List of URLs or domains to enrich. Each entry is fetched, parsed, and analysed for contact data (emails, phones, social links). Bare domains automatically get 'https://' prepended. Example: \['https://acme.com', 'stripe.com', 'www.example.org/contact']. Total runtime scales with the list size; processing runs in parallel up to 'maxConcurrency'.

## `maxConcurrency` (type: `integer`):

Maximum number of URLs processed in parallel. Example: with 20 URLs and concurrency 5, the actor handles 5 at a time and queues the remaining 15. Higher values finish faster but may trigger rate limits or get your IP blocked by target sites; lower values are slower but safer. Recommended: 3-5 for small batches (< 50 URLs), 1-2 for large batches (50+ URLs).

## `includeWhois` (type: `boolean`):

When true, each output row includes a 'whois' object with domain registration data: registrar name, creation/expiration dates, and registrant organization (when public per GDPR redaction). When false, only scraped page data is returned and no WHOIS lookup is performed. Example: enabling this for 'acme.com' adds {registrar: 'GoDaddy', createdAt: '2010-03-15', registrantOrg: 'ACME Corp'} to that row; disabling it skips the lookup entirely and saves ~1 second per URL. Default is false to minimize per-domain cost — enable explicitly when you need registrant data.

## `skipEmailPatternFinder` (type: `boolean`):

Skip Step 2 (email pattern detection) — when true, the pipeline emits a synthetic 'pattern' step with status 'skipped' and no DNS lookups are performed. When false (default), Step 2 runs and adds emailPattern, patternConfidence, generatedEmails\[], patternAnalysis, alternateEmailPatterns, and dataQuality to every record. See docs/NextSteps/EmailPatternFinder.md.

## `searchWhois` (type: `boolean`):

Mine the WHOIS registrant email (when includeWhois is true and the registry exposes it) and add it to generatedEmails\[] with source 'whois-registrant'. No-op when skipEmailPatternFinder is true. Default false.

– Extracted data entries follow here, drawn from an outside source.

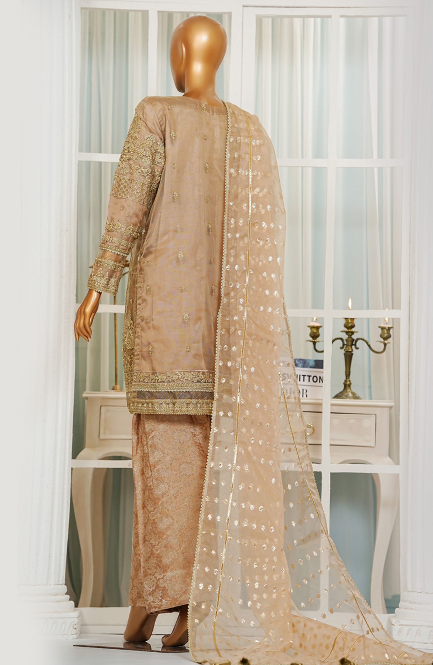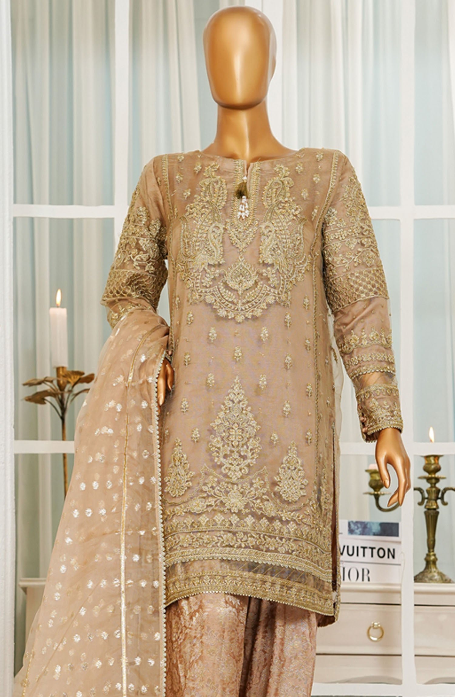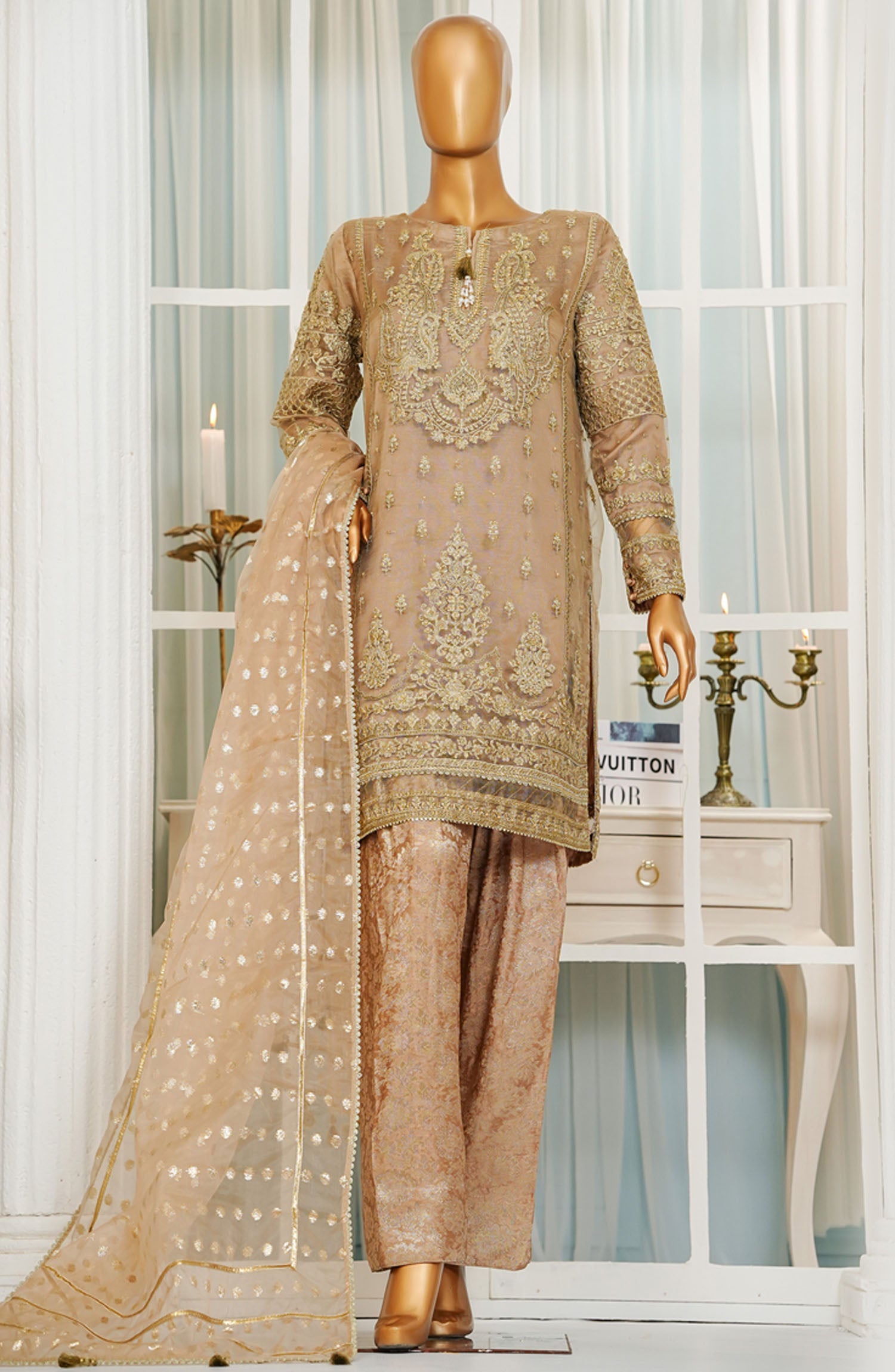 Jashn by HZ Textile Embroidered Zarri Net Stitched 3 Piece Suit - HZK-207 Golden - HZ25JFF - Golden - Wedding Collection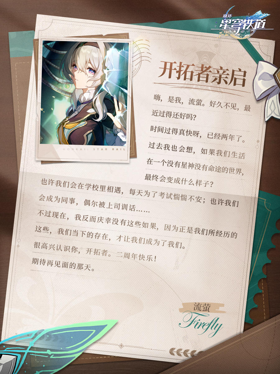 开拓者乘客,时间过得真快帕!今天就是星穹列车重新启航的二周年了!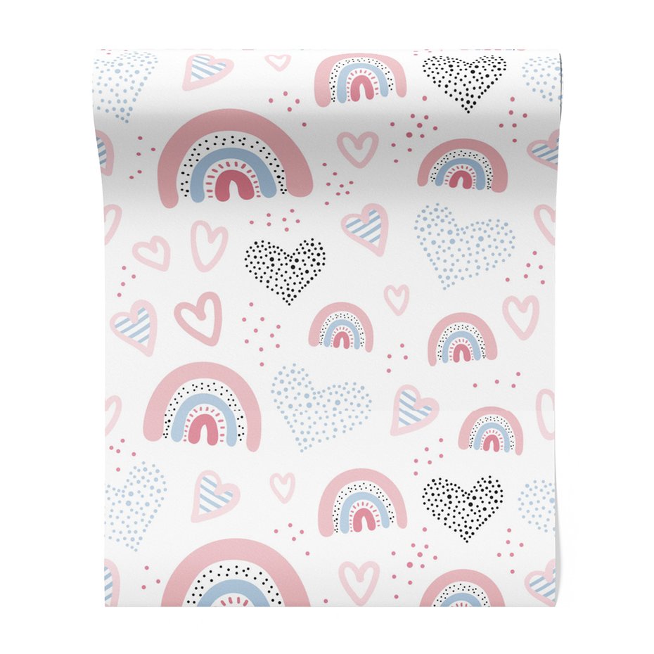 - Tapeta - dziecięca, serca, tęcze, kropki
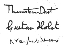 The early Signature Books are hard backed with their front covers engraved in gold leaf. They contain signatures of some musicians who were also eminent in other fields of music. As far as can be ascertained, Ralph Vaughan Williams came only once, but Thurston Dart and Gustav Holst attended on several occasions.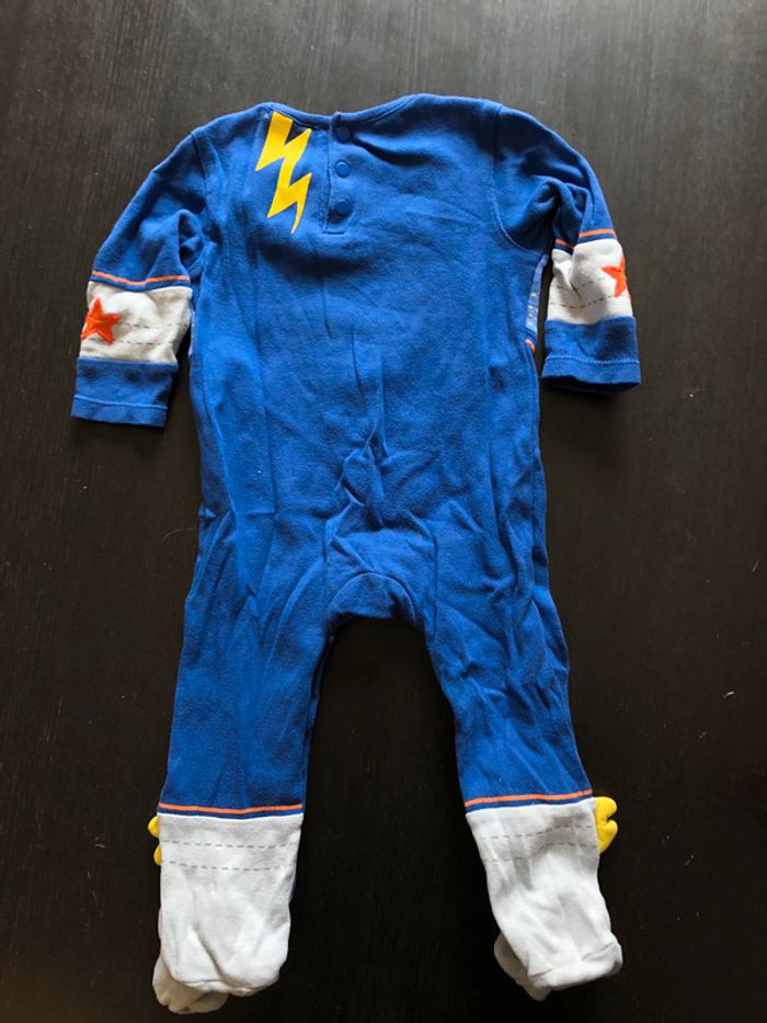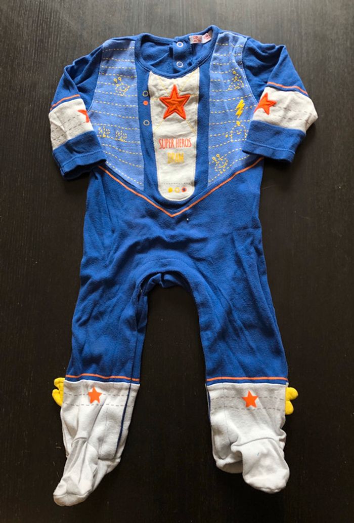 pyjama super héro bleu, gris, jaune et orange 12 mois du pareil au même #bebevelivelo #12moisvelivelo #dpamvelivelo
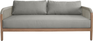 Make your outdoor oasis even more inviting with this Maui Water Resistant Fabric Outdoor Patio Loveseat. Crafted with an aluminum frame to look like teak without the maintenance requirements, this loveseat offers both style and convenience. Resilient fabric cushions, water-resistant and plump, have quick-dry foam inserts so you enjoy leisure time without worry. With its contemporary resort look, this loveseat adds sophistication to any patio, porch, or deck setting. Embrace the essence of outdoor comfort and style with this elegant addition - your perfect companion for leisurely moments outdoors.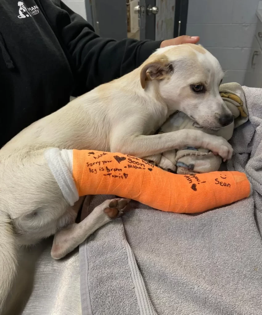 The Humane Society celebrated his progress online, sharing how quickly he adapted to his cast and how much joy he brings despite everything he endured.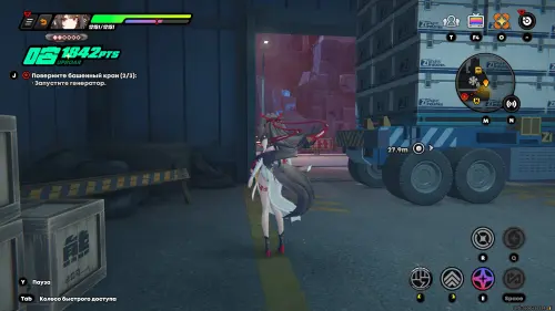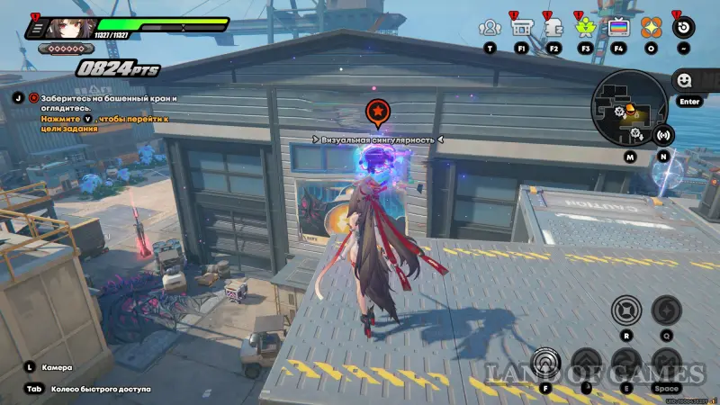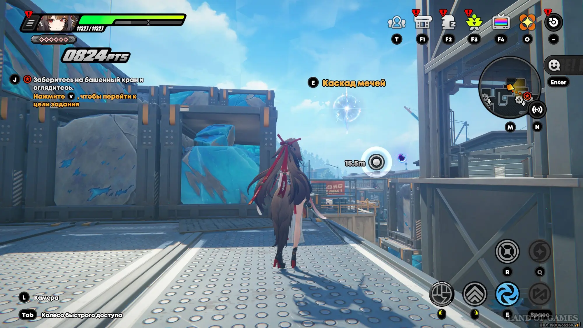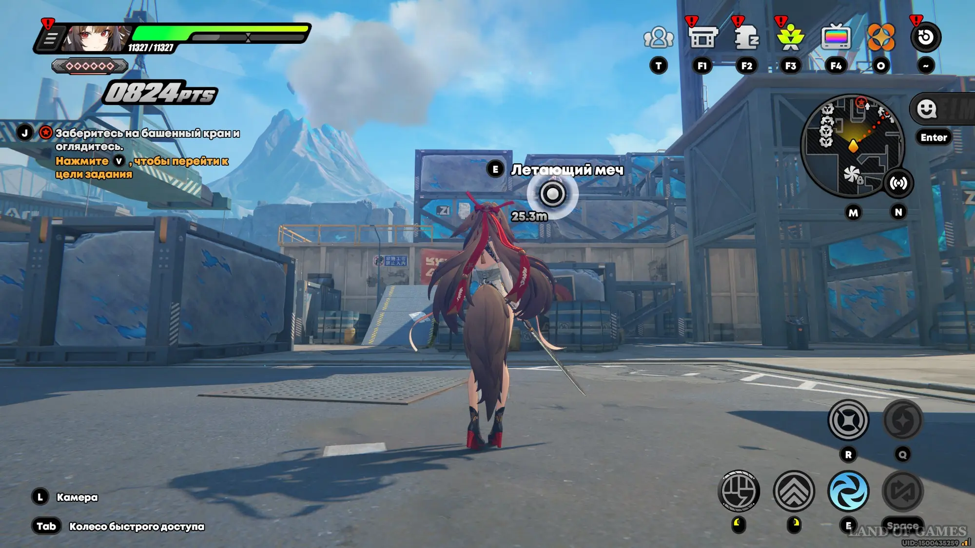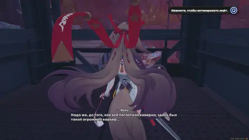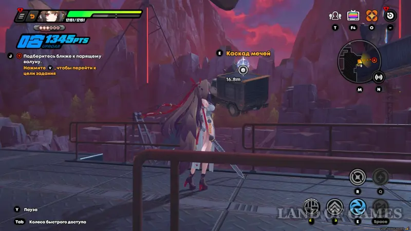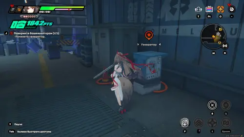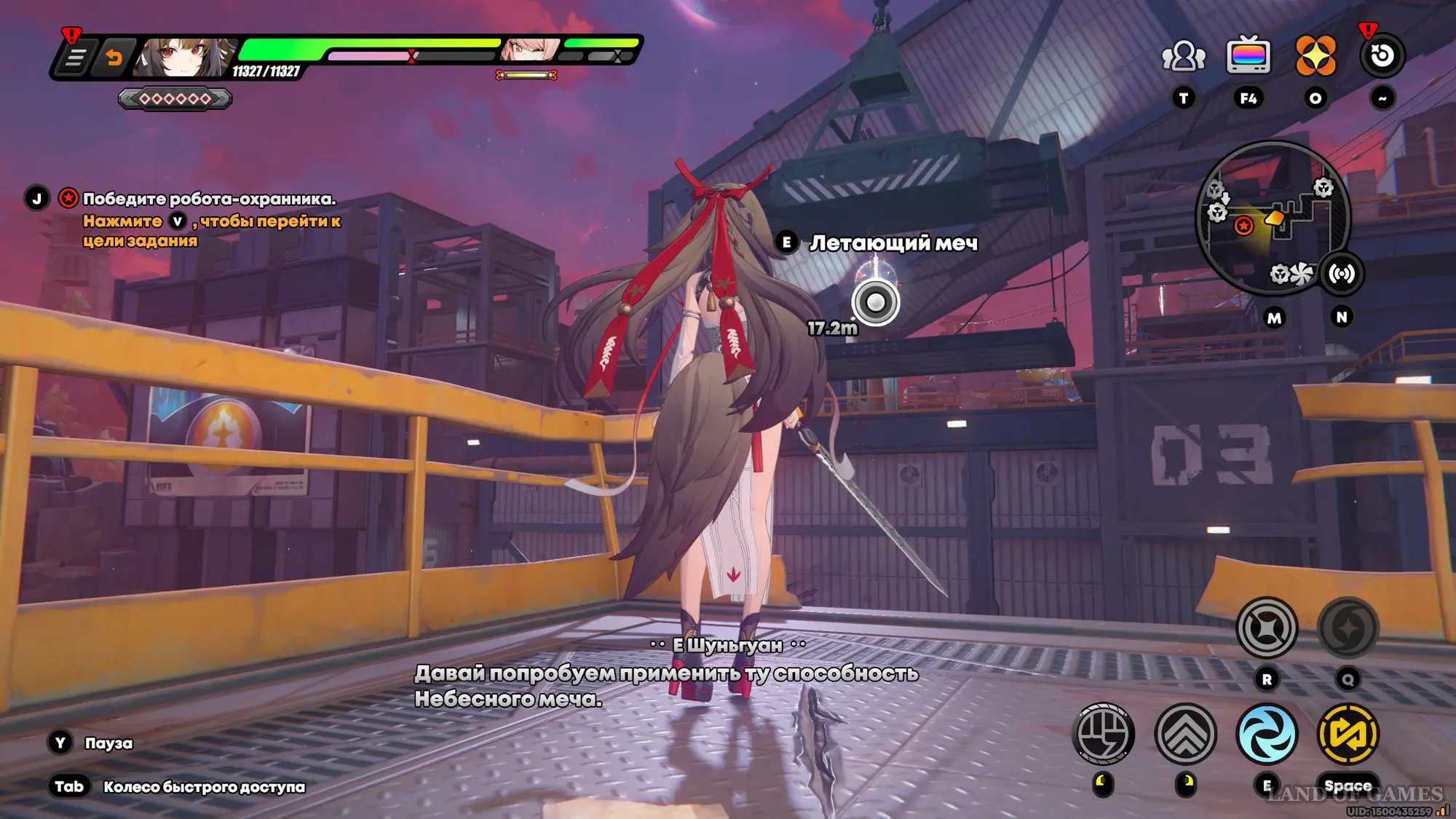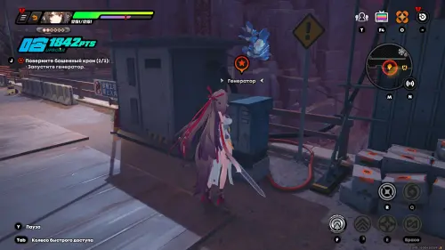 Двигайтесь вперед, а затем пролетайте мимо (зажмите ПКМ) роботов, стреляющих ракетами, правильно подгадав момент. Потом сядьте в подъемник и поднимитесь наверх. Продолжайте пролетать мимо ракет и встаньте на конце металлического помоста с разрушенным ограждением. Используйте «Проявление – Исток» для починки крана. Воспользуйтесь метками меча, чтобы перебраться на другую сторону.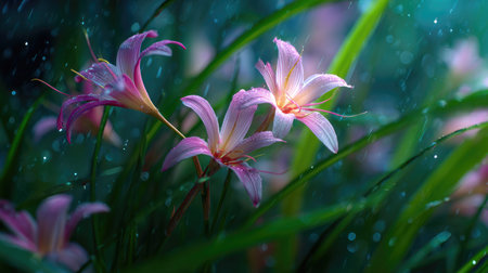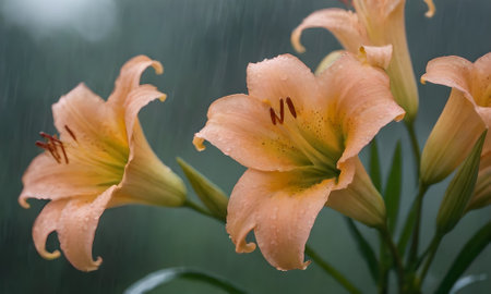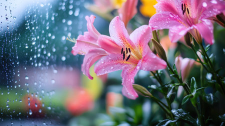 A close-up view of pink lily blooms glistening with raindrops against a blurred garden backdrop. Perfect for nature-themed designs and tranquil settings.
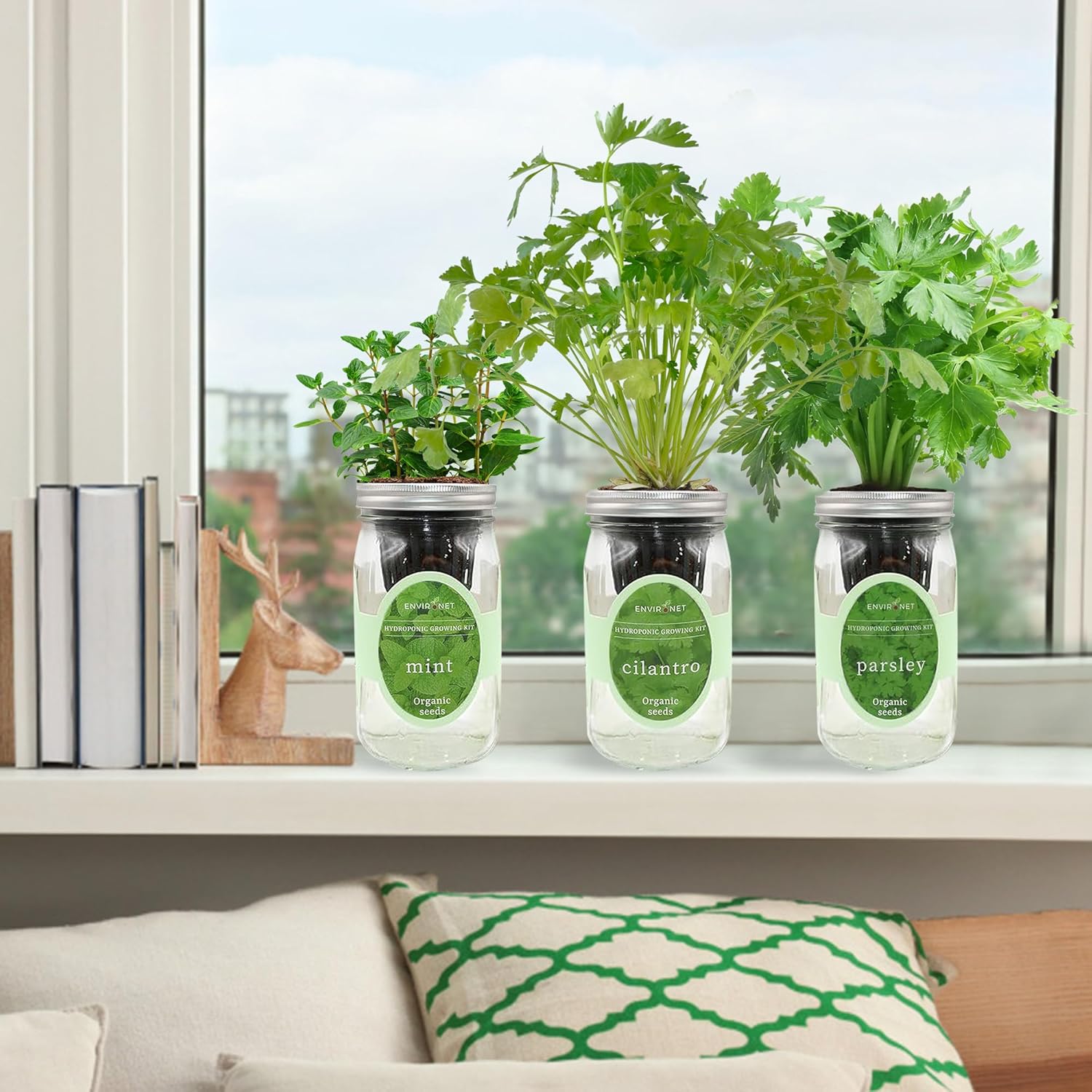 Hydroponic Herb Growing Kit Set, Self-Watering Mason Jar Herb Garden Starter Kit Indoor, Windowsill Herbs Garden, Grow Your Own Herbs from Organic Seeds (Mint, Cilantro and Parsley)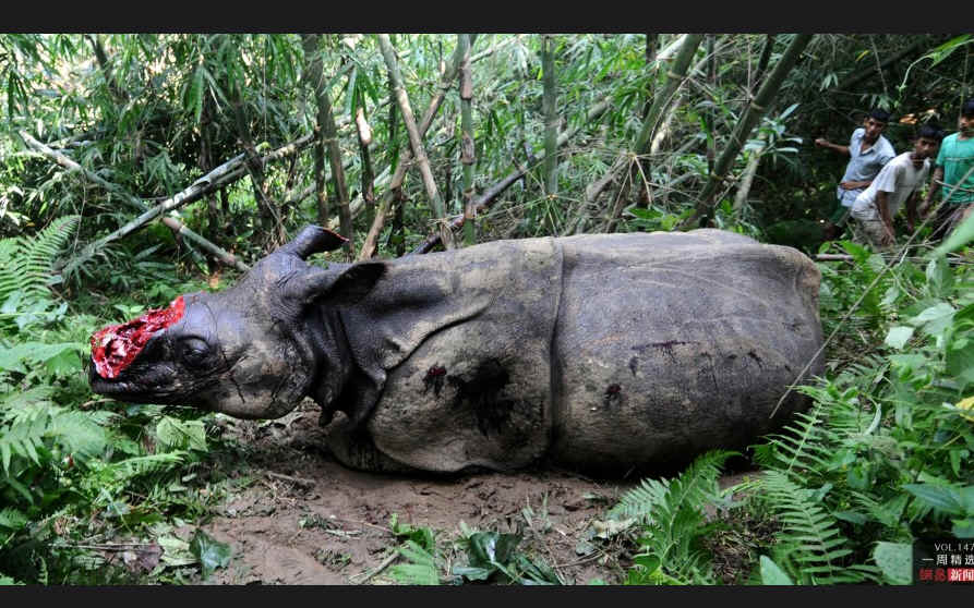当地时间9月26日,印度卡齐兰加国家公园,村民们发现一头被偷猎者割去犀角的犀牛躺在地上奄奄一息。AFP PHOTO/Biju BORO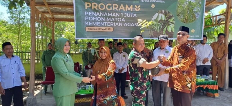 BANTAENG – Komandan Kodim 1410/Bantaeng Letkol Inf Eka Agus Indarta, S.Psi., M.Psi., di dampingi Ketua Persit Kartika Chandra Kirana Cabang XXVII Dim 1410, Ny. Meri Eka Agus Indarta, beserta Personil Babinsa dan Pengurus Persit menghadiri gerakan penanaman 1 juta pohon matoa yang di laksanakan secara serentak se Indonesia melalui Zoom di buka oleh Menteri Agama Republik Indonesia Prof Nasaruddin Umar, kegiatan Zoom bertempat di Halaman Kantor Urusan Agama, Desa Nipa-Nipa, Kecamatan Pa’jukukang Kabupaten Bantaeng. Selasa (22/04/2025).

## `goal` (type: `string`):

Tunes patternAnalysis.bounceRiskBucket thresholds and sequenceStrategy per outreach intent. 'quick-outreach' is strict — only the safest ~20% of generated patterns ship (sequenceStrategy: 'single-shot'). 'high-deliverability' (default) is medium — top ~60% ship (sequenceStrategy: 'fallback'). 'max-coverage' is loose — top ~95% ship (sequenceStrategy: 'progressive'). See docs/NextSteps/EmailPatternFinder.md §goal semantics.

## `hunterApiKey` (type: `string`):

Optional Hunter.io API key — when set, the Step 2 pipeline additionally pulls emails from Hunter.io's domain-search API and adds them to generatedEmails\[] with source 'hunter-api'. Failures (401, 429, network) populate patternAnalysis.hunterError without failing the step. Free tier is fine for low-volume runs. Leave empty to skip. See docs/NextSteps/EmailPatternFinder.md.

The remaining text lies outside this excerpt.